**PROBLEM DETAILS**
What is needed is an exact copy of the records below, minus any pictures.

(Dataset excerpts)
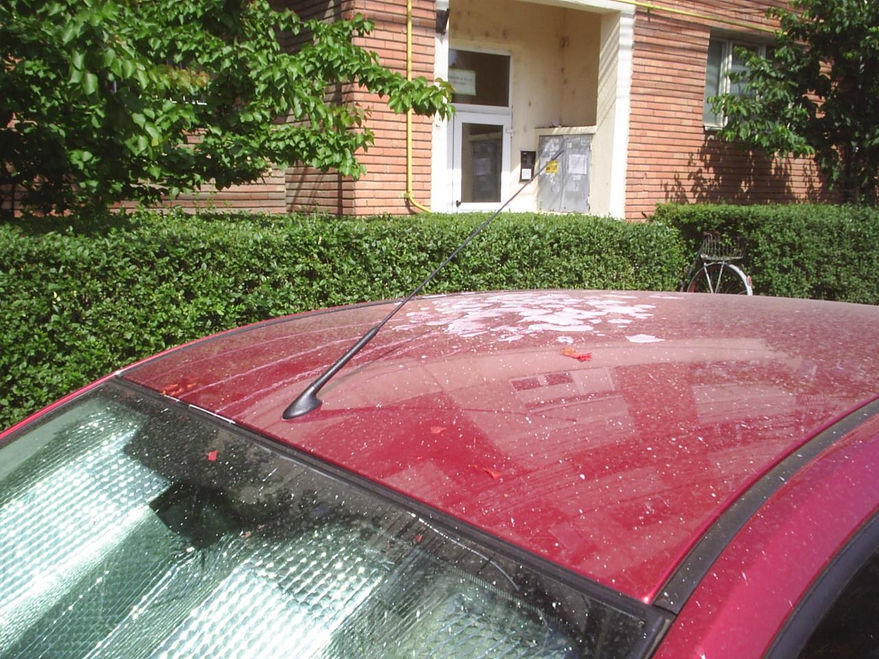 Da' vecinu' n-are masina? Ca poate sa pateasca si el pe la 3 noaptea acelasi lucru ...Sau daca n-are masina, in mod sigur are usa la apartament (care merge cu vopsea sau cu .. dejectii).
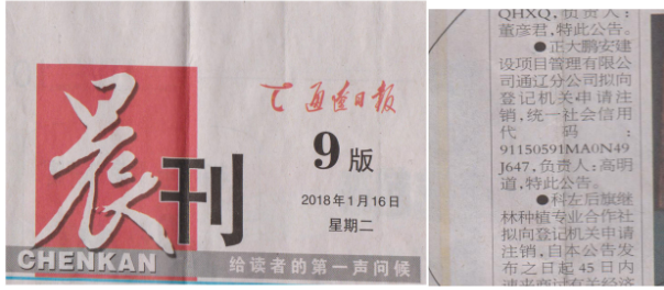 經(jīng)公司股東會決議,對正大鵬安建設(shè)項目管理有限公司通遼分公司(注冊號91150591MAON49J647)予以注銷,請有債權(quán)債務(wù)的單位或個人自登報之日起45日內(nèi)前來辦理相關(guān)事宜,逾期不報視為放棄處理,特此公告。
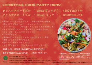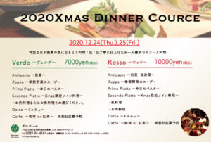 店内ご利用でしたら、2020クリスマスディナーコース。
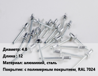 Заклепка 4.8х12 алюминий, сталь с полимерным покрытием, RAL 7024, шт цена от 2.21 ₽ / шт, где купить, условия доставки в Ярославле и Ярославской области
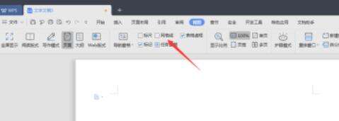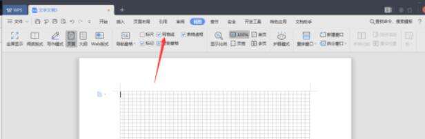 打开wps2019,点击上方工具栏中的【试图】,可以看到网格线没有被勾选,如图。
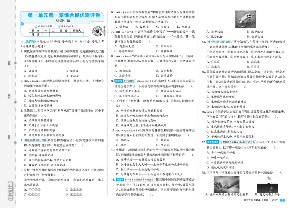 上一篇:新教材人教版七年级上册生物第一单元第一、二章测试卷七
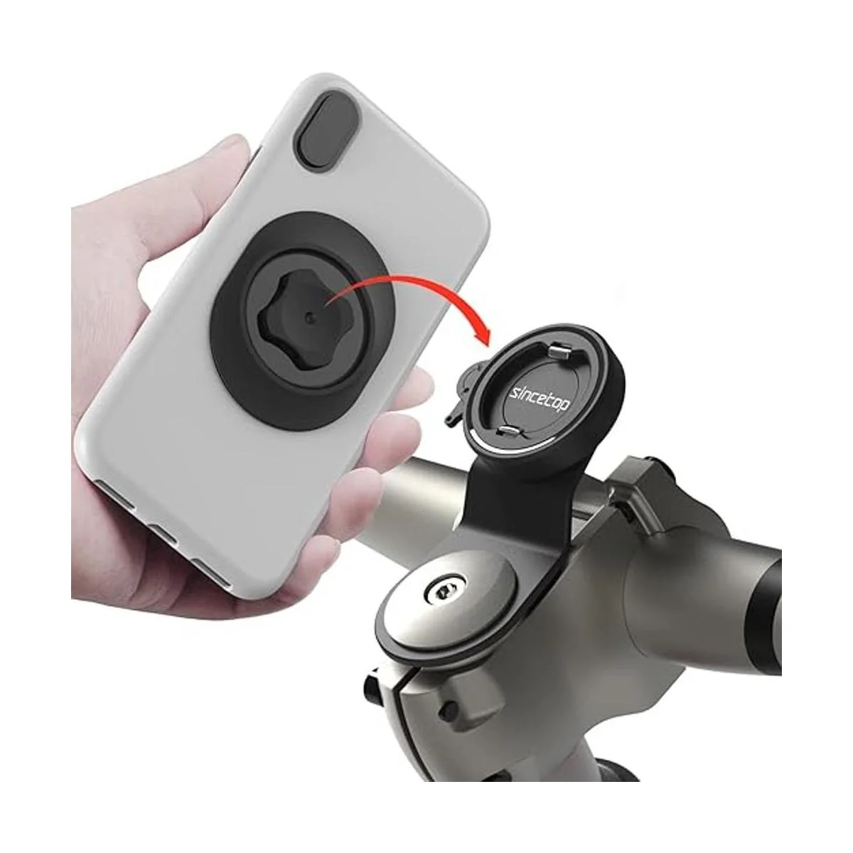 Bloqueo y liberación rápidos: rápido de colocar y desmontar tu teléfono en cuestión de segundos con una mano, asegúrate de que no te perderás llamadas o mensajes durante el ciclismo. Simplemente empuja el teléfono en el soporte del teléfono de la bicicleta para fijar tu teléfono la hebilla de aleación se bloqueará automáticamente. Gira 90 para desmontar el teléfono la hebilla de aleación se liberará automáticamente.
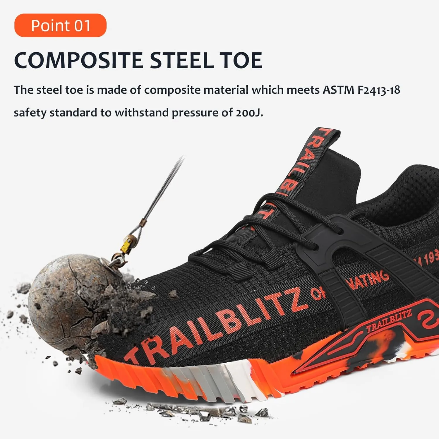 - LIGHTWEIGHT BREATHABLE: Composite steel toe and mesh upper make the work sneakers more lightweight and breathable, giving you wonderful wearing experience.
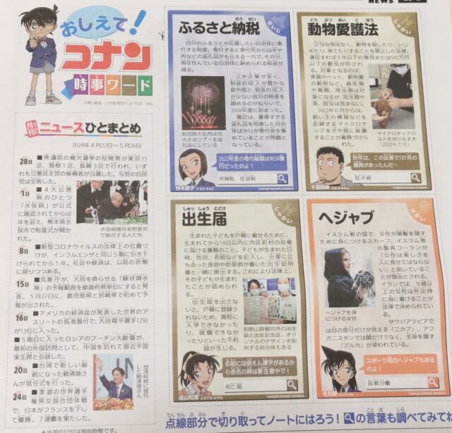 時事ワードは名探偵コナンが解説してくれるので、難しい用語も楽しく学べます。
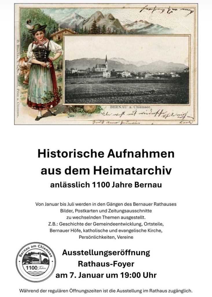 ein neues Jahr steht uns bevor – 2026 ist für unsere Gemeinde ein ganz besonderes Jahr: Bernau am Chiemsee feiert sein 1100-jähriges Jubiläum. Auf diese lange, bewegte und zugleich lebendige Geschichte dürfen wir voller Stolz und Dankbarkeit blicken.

**EXERCISE OUTPUT**
 Da' vecinu' n-are masina? Ca poate sa pateasca si el pe la 3 noaptea acelasi lucru ...Sau daca n-are masina, in mod sigur are usa la apartament (care merge cu vopsea sau cu .. dejectii).
 經(jīng)公司股東會決議,對正大鵬安建設(shè)項目管理有限公司通遼分公司(注冊號91150591MAON49J647)予以注銷,請有債權(quán)債務(wù)的單位或個人自登報之日起45日內(nèi)前來辦理相關(guān)事宜,逾期不報視為放棄處理,特此公告。
 店内ご利用でしたら、2020クリスマスディナーコース。
 Заклепка 4.8х12 алюминий, сталь с полимерным покрытием, RAL 7024, шт цена от 2.21 ₽ / шт, где купить, условия доставки в Ярославле и Ярославской области
 打开wps2019,点击上方工具栏中的【试图】,可以看到网格线没有被勾选,如图。
 上一篇:新教材人教版七年级上册生物第一单元第一、二章测试卷七
 Bloqueo y liberación rápidos: rápido de colocar y desmontar tu teléfono en cuestión de segundos con una mano, asegúrate de que no te perderás llamadas o mensajes durante el ciclismo. Simplemente empuja el teléfono en el soporte del teléfono de la bicicleta para fijar tu teléfono la hebilla de aleación se bloqueará automáticamente. Gira 90 para desmontar el teléfono la hebilla de aleación se liberará automáticamente.
 - LIGHTWEIGHT BREATHABLE: Composite steel toe and mesh upper make the work sneakers more lightweight and breathable, giving you wonderful wearing experience.
 時事ワードは名探偵コナンが解説してくれるので、難しい用語も楽しく学べます。
 ein neues Jahr steht uns bevor – 2026 ist für unsere Gemeinde ein ganz besonderes Jahr: Bernau am Chiemsee feiert sein 1100-jähriges Jubiläum. Auf diese lange, bewegte und zugleich lebendige Geschichte dürfen wir voller Stolz und Dankbarkeit blicken.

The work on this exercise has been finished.